For legal professionals who must locate key documents and information for use as possible evidence in litigation and investigations, the explosion of such data has rendered the process of collecting, culling, and reviewing digital information—known as eDiscovery—incredibly costly and time-consuming. 

Fortunately, advances in eDiscovery technology are reducing the cost and burden for legal teams to narrow the universe of potentially relevant data. This eDiscovery 101 guide provides an introduction to the fundamentals of eDiscovery and explores challenges and best practices, including considerations for multilingual and cross-border eDiscovery.

What Is eDiscovery?

eDiscovery is the process of identifying, collecting, filtering, and reviewing electronically stored information (ESI) that constitutes potential evidence in legal proceedings and investigations. During eDiscovery, legal professionals, IT personnel, and forensics teams work together to narrow very large datasets into more manageable volumes. 

Prior to the digital age, “discovery” in business disputes meant combing through boxes and drawers full of paper documents to locate key information and evidence. Today, since most documents needed for business litigation, arbitration, and investigations are stored in electronic format, traditional discovery is referred to as eDiscovery and is focused on ESI. In the early days of eDiscovery, it was possible for legal professionals to manually review ESI to determine its relevancy to a matter. This was feasible for 25 or 2,500 files, but not so much for 25,000, let alone 250,000 or 2.5 million! 

Today, eDiscovery tools powered by analytics and artificial intelligence (AI) significantly streamline the eDiscovery process.
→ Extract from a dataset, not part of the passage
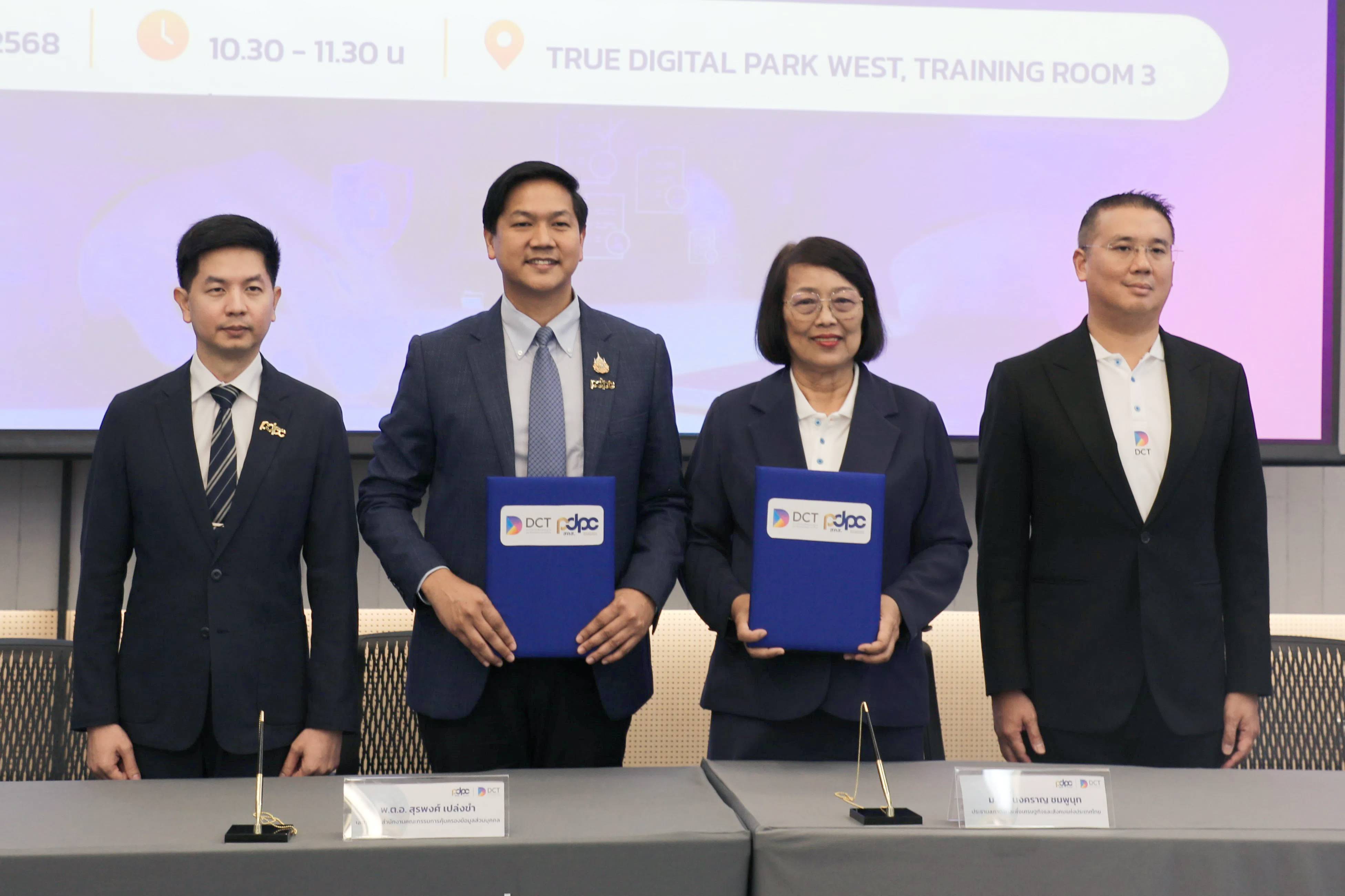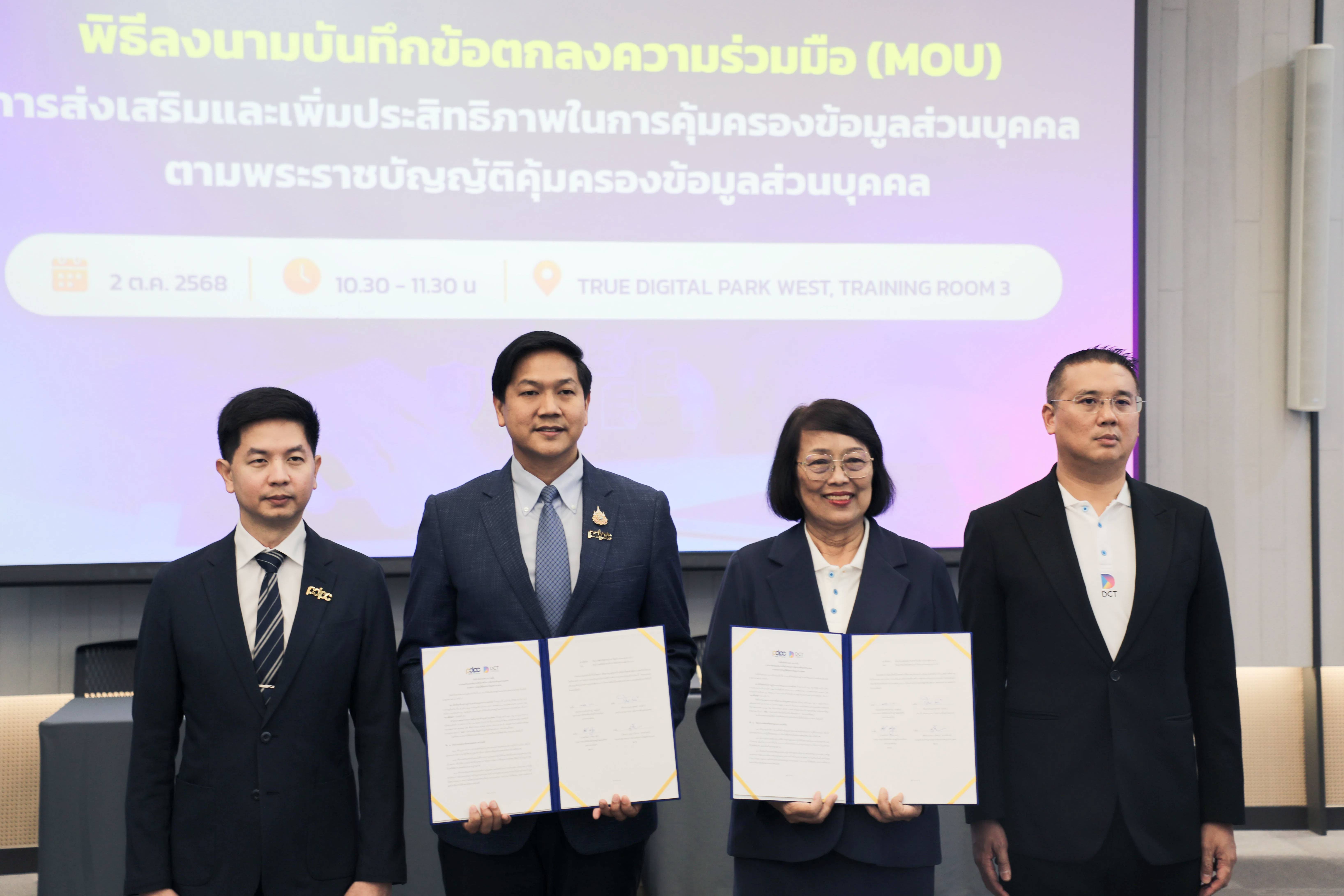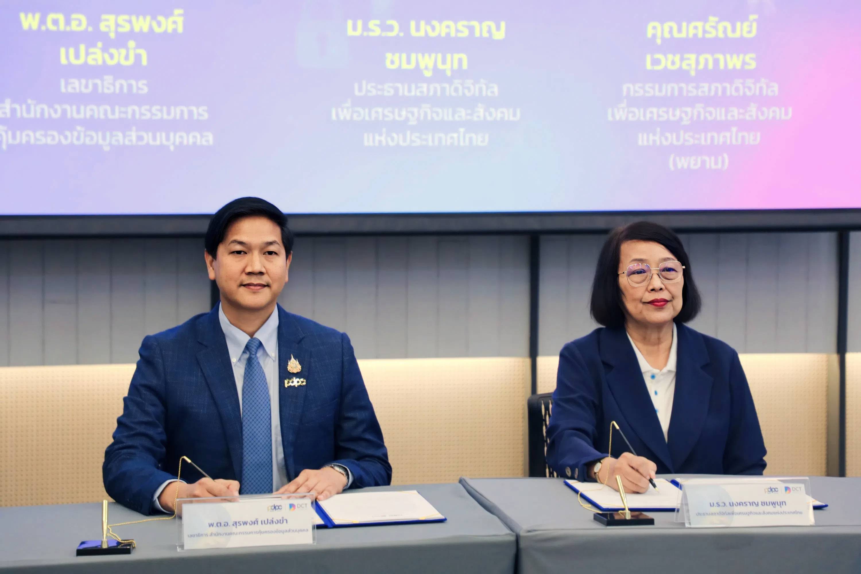 วันพฤหัสบดีที่ 2 ตุลาคม 2568 - สภาดิจิทัลเพื่อเศรษฐกิจและสังคมแห่งประเทศไทย (สภาดิจิทัลฯ) โดย ม.ร.ว. นงคราญ ชมพูนุท ประธานสภาดิจิทัลฯ และ สำนักงานคณะกรรมการคุ้มครองข้อมูลส่วนบุคคล (สคส.) โดย พ.ต.อ. สุรพงศ์ เปล่งขำ เลขาธิการ สคส. จัดพิธีลงนามบันทึกข้อตกลงความร่วมมือ (MOU) เรื่อง “การส่งเสริมและเพิ่มประสิทธิภาพในการคุ้มครองข้อมูลส่วนบุคคลตามพระราชบัญญัติคุ้มครองข้อมูลส่วนบุคคล” โดยมี พ.ต.อ. ณัทกฤช พรหมจันทร์ รองเลขาธิการ สคส. และ นายศรัณย์ เวชสุภาพร กรรมการสภาดิจิทัลฯ และประธานคณะทำงานด้าน PDPA เป็นพยาน ณ Training Room 3 ชั้น 3 True Digital Park (West) กรุงเทพฯ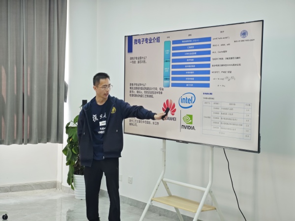 赵振宇以微电子专业的造芯片如同造房子为切入点,系统阐释了微电子科学与工程专业的学科定位:“这是一门融合集成电路设计、半导体物理与光电芯片技术的交叉学科,小到手机芯片,大到卫星通信,都离不开我们的研究领域。” 他结合自身参与的江苏省大创项目,展示了专业核心课程与产业应用的紧密关联,并建议预科生通过学校教务处官网 “培养方案查询” 栏目,对比不同专业的课程设置,看清不同专业的培养侧重点。

But even with modern technology, given the ever-increasing volumes and diversity of ESI, eDiscovery remains an intensive endeavor that requires human expertise, effective communication, and agile decision-making at every step of the way.

What Is ESI?

ESI stands for electronically stored information. This includes a wide variety of digital assets, including emails; e-documents (Word, PPT, and Excel files); image, audio, and video files; mobile device data (e.g., chat programs and text messages); cloud-based applications; website content; and social media postings.

What Is the EDRM Framework for eDiscovery?

Introduced in 2005, the Electronic Discovery Reference Model (EDRM)  is a visual representation of the complete eDiscovery lifecycle, which is widely referred to by legal teams globally. The EDRM breaks down the eDiscovery process into nine steps, although not every step is relevant to every matter. The EDRM isn’t always followed sequentially, and steps may be repeated depending on the project scope and cadence. 

What Are the Steps in the EDRM?

01 Information Governance 

Information governance (IG) is often cited as the first step in eDiscovery, but it may be more helpful to think of it as proactive planning that a company can do to prepare for and execute eDiscovery in a streamlined manner. IG helps to provide an understanding of the scope of data as well as data sources by asking questions such as the following:

a.    Where is my data located? 
b.    Who might have possession, custody, and control of my data?
c.    Am I retaining more data than I need to for legal and operational purposes? 
d.    What are the applicable laws and regulations surrounding the retention and transfer of my data?
e.    Do I have a clear understanding of what steps to take by which stakeholders in the event that the eDiscovery process is triggered?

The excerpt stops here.